An hour later she came down the stairs, and her face made me catch my breath with the pity of it. But she came up to me quite steadily, and we both rose.

"Where is Mr. Maitland?" she said quietly, and at that moment he came in.

And from then on her eyes never left his face; as far as she was concerned MacAndrew and I were non-existent.

"Why did you give him that bottle of gin?" she asked, still in the same quiet voice. "Why did you send my husband to me drunk just after he had recovered from a dose of fever?"

I saw MacAndrew's jaw drop, but it was Jim Maitland I was staring at. After one sudden start of pure amazement, he gave no sign; he just stood there quietly, looking at her with grave, thoughtful eyes.

"I trusted you utterly," she went on. "You were good to me on the boat—and I thought you were my friend. And you presumed—you dared to presume—that you might become more than that. You thought, I suppose, that if I saw Raymond drunk I might leave him in disgust—and that you—Oh! how dared you do such a wicked, wicked thing?"

I opened my mouth to speak, and Jim Maitland's hand gripped my arm like a steel vice. And I saw that he was looking over her head—upstairs. For just a second I caught a glimpse of Raymond Blair, staring at him beseechingly—his hands locked together in agonised entreaty; then the vision vanished, and once more Jim was looking gravely at the girl with a strangely tender expression in his eyes.

For two or three minutes she continued—speaking with cold, biting scorn—and Jim never answered a word. As I said, she seemed to have forgotten our existence; her world consisted at the moment of the poor derelict upstairs and Jim Maitland—the man who had made him drunk. Once MacAndrew did stick in his oar to affirm that it was his gin, and she brushed the remark aside contemptuously. MacAndrew and I were nothing to her; only Jim Maitland counted.
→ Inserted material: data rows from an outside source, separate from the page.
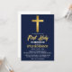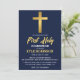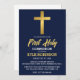 Celebre el día especial de su hijo con estas elegantes y sofisticadas invitaciones a la primera comunión. Con un bonito fondo acuático azul marino, un delicado diseño de cruces y un toque de Relieve metalizado dorado, estas invitaciones son perfectas para una celebración moderna y elegante. El diseño es el personalizable para coincidir con el tema y la paleta de colores de tu evento.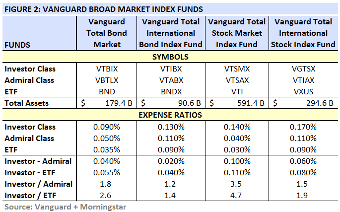 The expense ratios of the four Investor class funds range from 17 bps for the Total International Stock Market Index Fund, to 9 bps for the Total Bond Market Index Fund.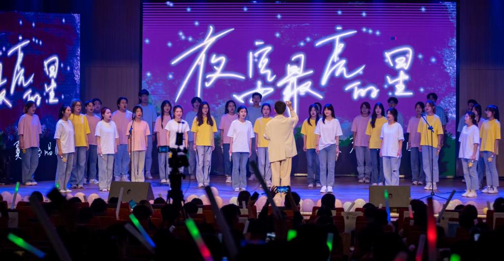 十年树木,百年树人,在山财工商校友的祝福视频中,他们分享与母校的温暖记忆的同时也表达着对学弟学妹以及母校的衷心祝福,勉励同学们坚定专业信仰,努力学习,厚积薄发;校友和辅导员老师共同朗诵《相望里的成长》,铿锵有力的声音中寄予了对母校的热爱和对工商学子的殷殷期盼;青春不止有《夜空中最亮的星》的璀璨夺目更有《小城夏天》中的浪漫余晖和青春点滴美好;晚会在全体演职人员合唱的《开心往前飞》落下帷幕,回声激荡,真挚动人,在场师生激情合唱,全场气氛在高昂的歌声中再次奔向了高潮。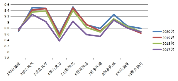 各项指标得分情况随着年级的增长呈现逐项降低趋势,尤其是2017级即毕业班学生的现象更为突出,需要特别关注的是,毕业班学生第3项课堂秩序、第5项出勤情况、第6项听课情况、第7项思考互动得分较其他年级明显较低,反映毕业班学生课堂出勤、课堂学习情况一般,出现这种情况的原因有,部分学生积极准备考研,对平时上课重视度不够;部分学生出现毕业前焦虑,单向认为找工作比上课更重要,即使人到课堂,但参与课堂互动的积极性和主动性也较低。而2020级新生进入大学后,对于大学新生活有很强的好奇心、憧憬感,同时还保留高中时候的学习紧张感,所以在各项表现尤其是课堂表现上比其他年级都要好。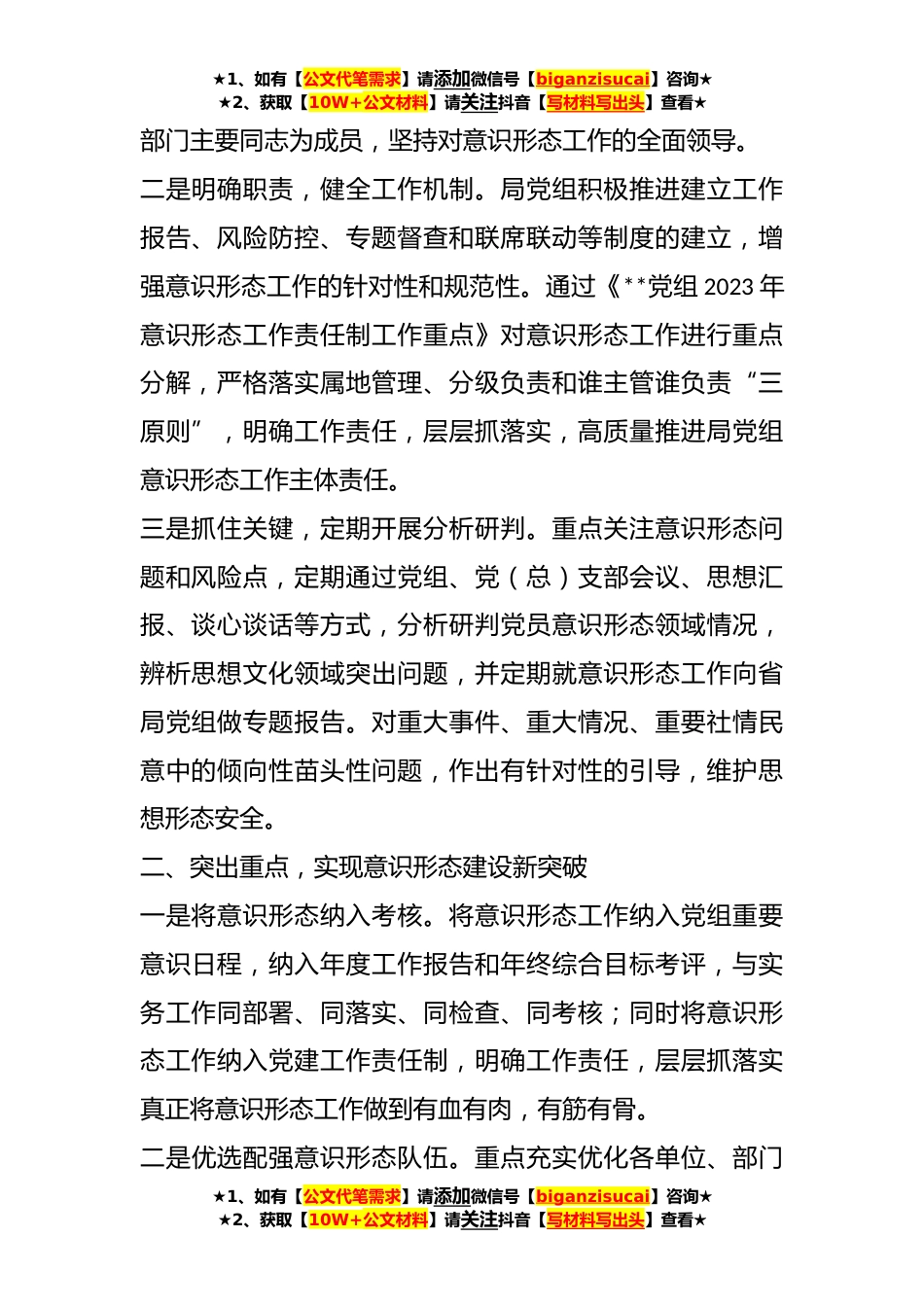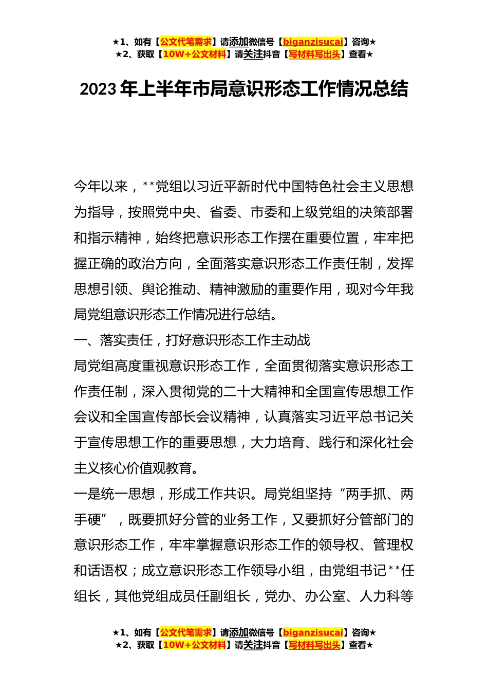 ★1、如有【公文代笔需求】请添加微信号【biganzisucai】咨询★★2、获取【10W+公文材料】请关注抖音【写材料写出头】查看★2023年上半年市局意识形态工作情况总结今年以来,**党组以习近平新时代中国特色社会主义思想为指导,按照党中央、省委、市委和上级党组的决策部署和指示精神,始终把意识形态工作摆在重要位置,牢牢把握正确的政治方向,全面落实意识形态工作责任制,发挥思想引领、舆论推动、精神激励的重要作用,现对今年我局党组意识形态工作情况进行总结。一、落实责任,打好意识形态工作主动战局党组高度重视意识形态工作,全面贯彻落实意识形态工作责任制,深入贯彻党的二十大精神和全国宣传思想工作会议和全国宣传部长会议精神,认真落实习近平总书记关于宣传思想工作的重要思想,大力培育、践行和...
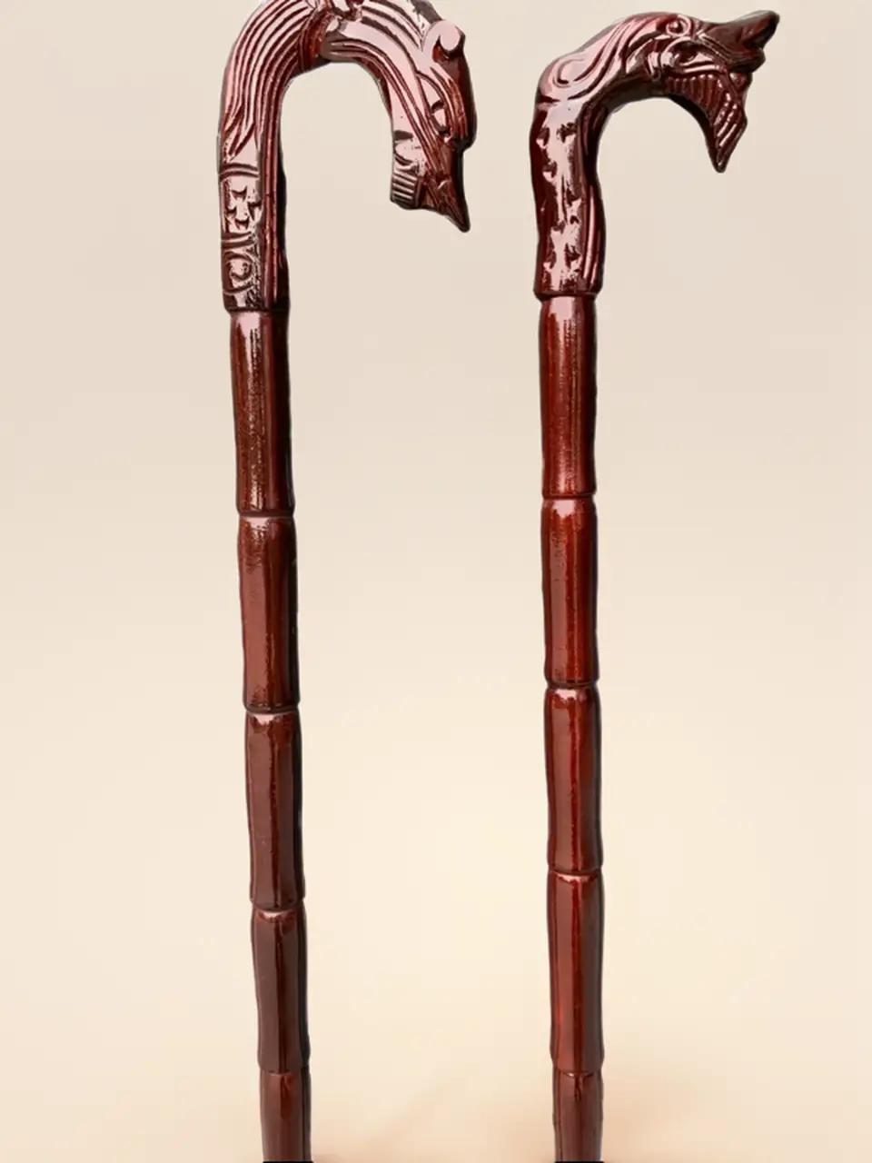 ✨Gậy batoong gỗ đầu trạm rồng cho người già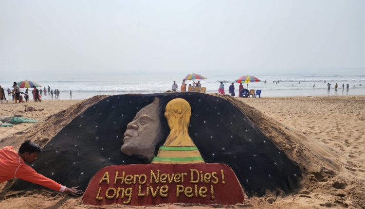 ପୁରୀ : ବ୍ରାଜିଲର କିମ୍ବଦନ୍ତୀ ପୁଟବଲ ଖେଳାଳି ପେଲେଙ୍କ ନିଧନରେ ଆନ୍ତର୍ଜାତିକ ବାଲୁକା ଶିଳ୍ପୀ ମାନସ କୁମାର ସାହୁ ବାଲୁକା କଳା ମାଧ୍ୟମରେ ଅଶ୍ରୁଳ ଶ୍ରଦ୍ଧାଞ୍ଜଳି ଜ୍ଞାପନ କରିଛନ୍ତି । ବାଲୁକା କଳାରେ ବିଶ୍ୱ ବିଖ୍ୟାତ ଫୁଟବଲ ଖେଳାଳି ପେଲେଙ୍କ ପ୍ରତିମୂର୍ତ୍ତି ନିର୍ମାଣ କରିଛନ୍ତି ଆନ୍ତର୍ଜାତିକ ବାଲୁକା ଶିଳ୍ପୀ ମାନସ କୁମାର ସାହୁ । ଏହି ବାଲୁକା ମୂର୍ତ୍ତିଟି ୧୫ ଫୁଟ ଓସାର ବିଶିଷ୍ଟ ଏବଂ ଏଥିରେ ୧୫ ଟନ ବାଲି ଉପଯୋଗ କରାଯାଇଛି । ଏହାକୁ ନିର୍ମାଣ କରିବାକୁ ମାନସ ସାହୁଙ୍କୁ ୪ ଘଣ୍ଟା ସମୟ ଲାଗିଥିଲା । ଏଥିରେ ସେ” A Hero Never Dies! Long Live Pele!ର ବାର୍ତ୍ତା ଦେଇଛନ୍ତି ।

"Have you anything to say—any excuse to make?" she asked at length, and he shook his head.

"You cur," she whispered very low. "Oh, you cur!" Then without a backward glance she went up to her room like a young queen and we heard the door close. And after a while he turned to us with a little twisted smile on his face.

"It's better so," he said gravely, "much better so."

But MacAndrew was not so easily appeased.. His sense of fair play was outraged, and he said as much to Maitland.

"He's lied—yonder swine," he growled. "He's lied to her after his promise to you. She should be told."

The smile vanished from Jim Maitland's lips, and he stared very straight at the Scotchman.

"The man who tells her," he said quietly, "answers for it to me."

And with that he swung out of the hotel.